Georgia Working on 2005 Season
Dave Van Halanger
Dave Van Halanger
Dawgpost.com
Posted Jan 21, 2005


ATHENS - Georgia football fans, being Southern football fans, already are looking forward to the start of the 2005 season.

But for their beloved Bulldogs, and three unheralded coaches, it has already begun.

"We started last Wednesday, and I said, 'This is the second day of the 2005 season football season,'" said Dave Van Halanger, Georgia's strength coach. "The first day was when we whipped Wisconsin. We started as champions of the Outback Bowl and we want to finish as champions of the Rose Bowl."

The Rose Bowl is where the 2005 national championship will be decided. It seems a long way away, but Georgia's strength coaches already have it in sight every day. Van Halanger hands out a different T-shirt for the team's offseason workouts every year. This year's reads: SEC Champions, National Champions, Family.

"That says a lot," Van Halanger said. "We have to shape our family down here, with leaders, with guys that will plug the gaps, with guys who will do the work it takes."

Van Halanger, already a Hall of Famer in his profession, has two full-time assistants, Keith Gray and Clay Walker. Both Gray and Walker were hired as part of Jim Donnan's staff and then retained by Van Halanger.

Gray is a former Virginia Tech linebacker who was a member of the school's most elite strength club - Super Iron Hokie. A four-year player, he never started, but he shaped himself into a contributor in the weight room, he said.

"I got on the field as a player and made the travel squad and all that because of the work I did in the strength program," he said. "I wasn't the best football player, but I worked my butt off, learned my football stuff and was somebody the coaches could depend on. I thought, since that's where I came from, that's where I'd like to be able to help others."

Gray worked as a graduate assistant at Southern Illinois and then as a graduate assistant at Auburn before joining Georgia's staff in 1999. He was promoted to assistant head strength coach in 2003.

Walker, an Abbeville native, was a three-year letterman at Wilcox County High School in football and baseball. He came to Athens to play football in 1999 but a car accident resulted in a cracked vertebrae and the end of his football career.

"I never had thought about coaching," he said. "It never had crossed my mind, but I don't think I could have made a better choice for my life, I really don't. I've learned a lot. I love my work."

After his injury, Walker worked as a student assistant as a position coach and a strength coach. After turning down a spot as a graduate assistant at Wake Forest, he was hired part-time by Van Halanger in 2001. He was promoted to a full-time position in 2003.

Georgia's three strength coaches spend about twice the time with the players as head coach Mark Richt and the rest of the Bulldogs' on-field assistants. The NCAA limits the time on-field coaches can spend with the players, particularly in the offseason, but the strength coaches will be with the players two hours a day, four days a week for the next seven months, Gray estimated.

That doesn't include the time Gray and Walker spend working with former Bulldogs who are in the NFL, players who need to meet specific weight goals or supervising the team's year-round 5:45 a.m. discipline running.

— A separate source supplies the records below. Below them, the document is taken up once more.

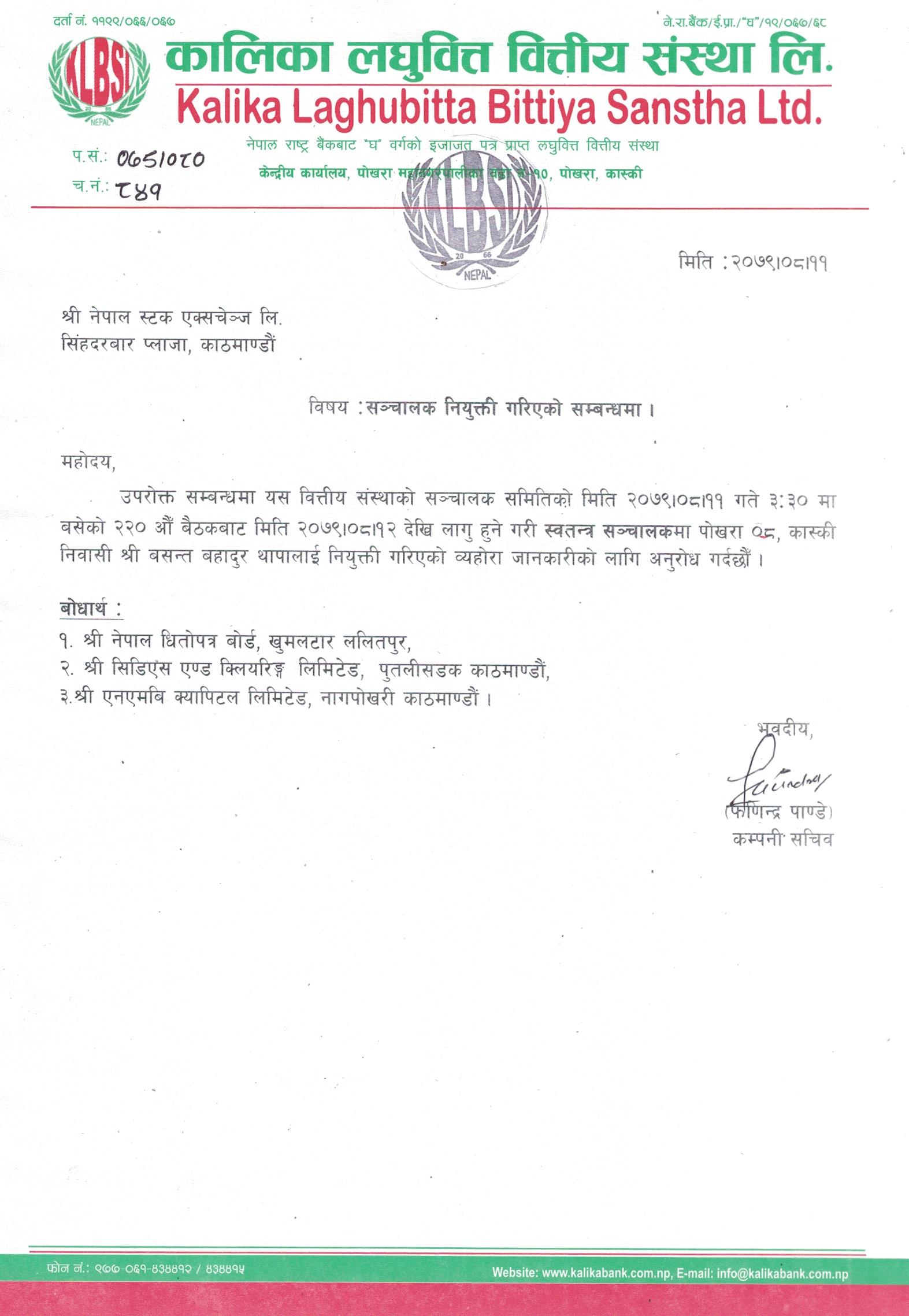 काठमाडौं । कालिका लघुवित्त वित्तीय संस्था लिमिटेडको स्वतन्त्र सञ्चालकमा बसन्त बहादुर थापा नियुक्त भएका छन् । कम्पनीको मंसिर ११ गते बसेको सञ्चालक समितिको बैठकले मंसिर १२ गते देखि लागू हुने गरेर स्वतन्त्र सञ्चालकमा थापालाई नियुक्त गरेको कम्पनीले जनाएको छ ।
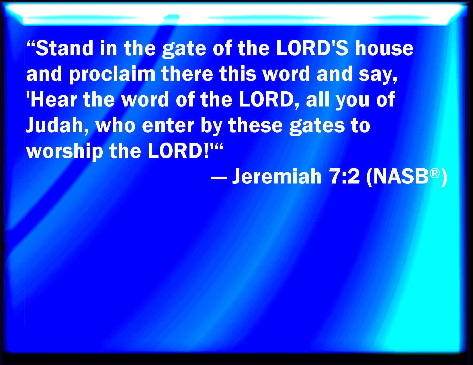 Bible Verse Slide Jeremiah 7:2 Stand in the gate of the LORD's house, and proclaim there this word, and say, Hear the word of the LORD, all you of Judah, that enter in at these gates to worship the LORD. KJV: Stand in the gate of the LORD'S house, and proclaim there this word, and say, Hear the word of the LORD, all ye of Judah, that enter in at these gates to worship the LORD. DRB: Stand in the gate of the house of the Lord, and proclaim there this word, and say: Hear ye the word of the Lord, all ye men of Juda, that enter in at these gates, to adore the Lord. DBT: Stand in the gate of Jehovah's house, and proclaim there this word, and say, Hear ye the word of Jehovah, all Judah, that enter in at these gates to worship Jehovah. ERV: Stand in the gate of the LORD'S house, and proclaim there this word, and say, Hear the word of the LORD, all ye of Judah, that enter in at these gates to worship the LORD. WBT: Stand in the gate of the LORD'S house, and proclaim there this word, and say, Hear the word of the LORD, all ye of Judah, that enter in at these gates to worship the LORD. WEB: "Stand in the gate of Yahweh's house, and proclaim there this word, and say, 'Hear the word of Yahweh, all you of Judah, who enter in at these gates to worship Yahweh. YLT: Stand in the gate of the house of Jehovah, and thou hast proclaimed there this word, and hast said, Hear a word of Jehovah, all ye of Judah, who are coming in at these gates, to bow before Jehovah:Links Jeremiah 7:2 NIV • Jeremiah 7:2 NLT • Jeremiah 7:2 ESV • Jeremiah 7:2 NASB • Jeremiah 7:2 KJV • Jeremiah 7:2 Interlinear • Jeremiah 7:2 Commentaries • Jeremiah 7:2 Parallel Texts • Jeremiah 7:2 Bible Apps • Jeremiah 7:2 Parallel • Bible Hub |
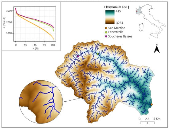 River network of the Chisone basin having its outlet in San Martino (orange dot). Two other gauged sections within the basin, Fenestrelle and Soucheres Basses, are indicated with a green and a purple dot, respectively. The top left graph shows the hypsographic curves of the three basins with normalized areas on the x-axis.
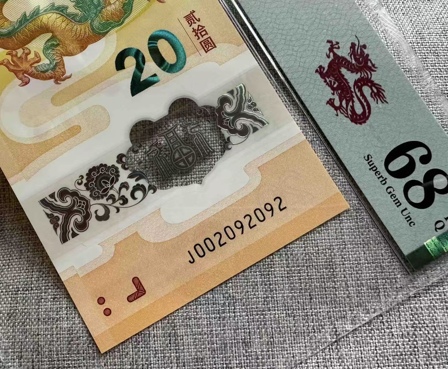 小龙钞002092092,pmg68分,卖6900元
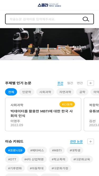 95%학지사ㆍ교보문고 스콜라 서비스는 이용자의 환경을 고려하여 최적화된 사용환경 제공으로 빠르고 정확한 검색 및 편리한 이용이 가능한 학술정보 서비스 입니다.
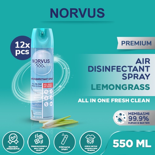 Lemongrass 12x 550ml Air Disinfectant Spray - NORVUS
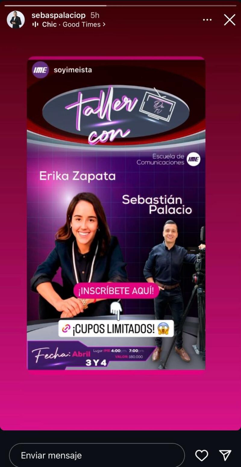De acuerdo con lo compartido a través de Instagram, se dio a conocer el nuevo rumbo que le busca dar a su carrera, pues junto a su compañero de Noticias Caracol, Sebastián Palacio, estará dictando un taller bajo la dirección de Escuela de Comunicaciones IME que tiene su sede principal en Medellín.
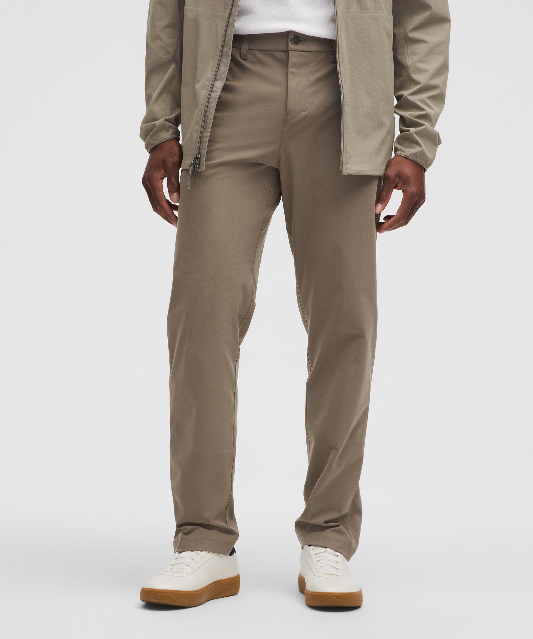 ABC Technology, Pocketed, Reflective. Designed for Casual. Streamlined fit that gives glutes and thighs breathing room. Our ABC™ (Anti-Ball-Crushing) technology uses an ergonomic gusset to remove tension from the crotch of our pants so you can move in comfort. These classic-fit trousers deliver all-day comfort with an elevated look. | lululemon – Men’s ABC Classic-Fit Trousers 34L Warpstreme – Color Brown – Size 6
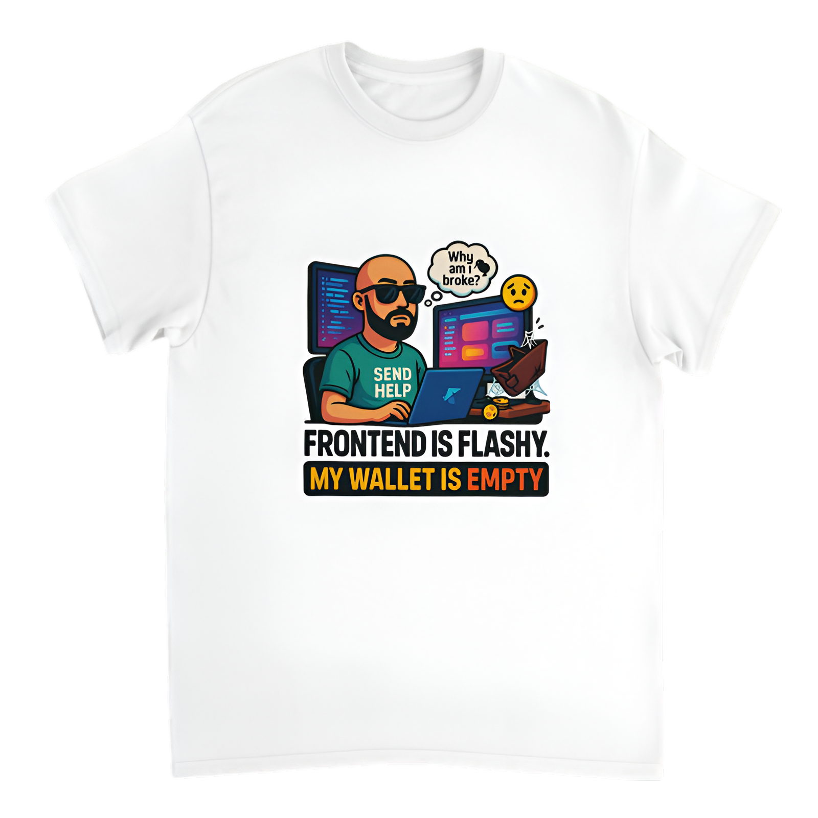 Your UI may sparkle, but your wallet’s throwing a 204 — no content. This T-shirt is the perfect drip for frontend devs living paycheck to paycheck while making the internet look pretty. Bold, sarcastic, and brutally honest—just like your last code review. Ideal for those who make magic on screen but can't summon cash IRL.
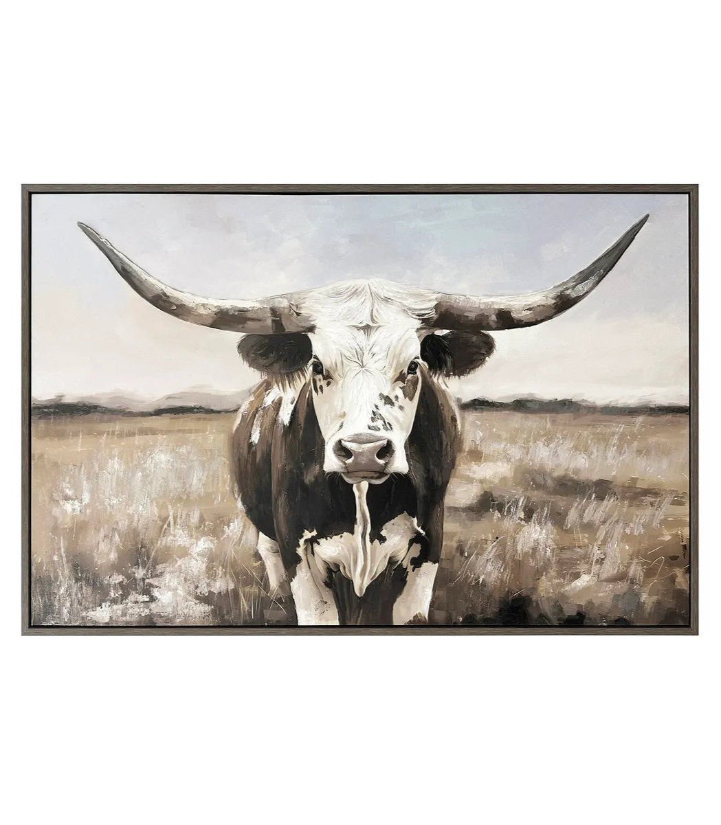 Command attention and capture the rugged beauty of the American frontier with the Midnight Horns wall art by Crestview Collection. This bold photographic portrait spotlights a majestic longhorn bull, its curved ivory horns and dappled black-and-white hide emerging dramatically from a deep black background. The precise lighting and contrast showcase every detail—from the animal’s intense gaze to the sculptural curvature of its horns—creating a sense of power, stillness, and reverence. Encased in clear tempered glass and bordered by a sleek black frame, this piece adds modern sophistication while preserving the raw essence of the wild. Whether displayed in a study, lodge-style retreat, or modern farmhouse, Midnight Horns offers a striking focal point steeped in strength and Western spirit.
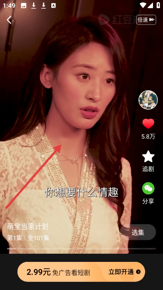 4、在《萌宝当家计划》第1集播放页面,可观看剧集,还能通过右侧按钮进行点赞、追剧、分享等操作。

"I think trust is built the more time you spend together, it's like your own children, the more time you spend in an enriching environment, the more trust is built," Van Halanger said. "There's a lot of trust down there."

Georgia has two more weeks of lifting and running before it gets to its famed mat drills. That will take up the month that leads into spring practice. After spring ball, it's back to the weight room for summer conditioning.

"So much of what we do isn't just how much they can lift," Gray said. "If a guy can bench press 450 or 460 pounds it really doesn't matter. Ten pounds one way or the other isn't a huge deal. We're not in here to make them weight lifters. We could get all of them to squat 600 pounds and bench 400 pounds, but it doesn't mean that they're going to be football players.

"What we try to do is let them use this part of our program to get them better physically conditioned and mentally conditioned so that when they go to practice, they can practice their skills as a football player better and longer."

They'll do that in relative anonymity for the next right up until Sept. 3, when everybody else's season begins with a game against Boise State in Sanford Stadium.

"I don't care how good the position coach is, if we don't do what we're supposed to do, they're not going to perform on Saturdays," Walker said. "I honestly believe if we don't do our job, then the rest does not matter."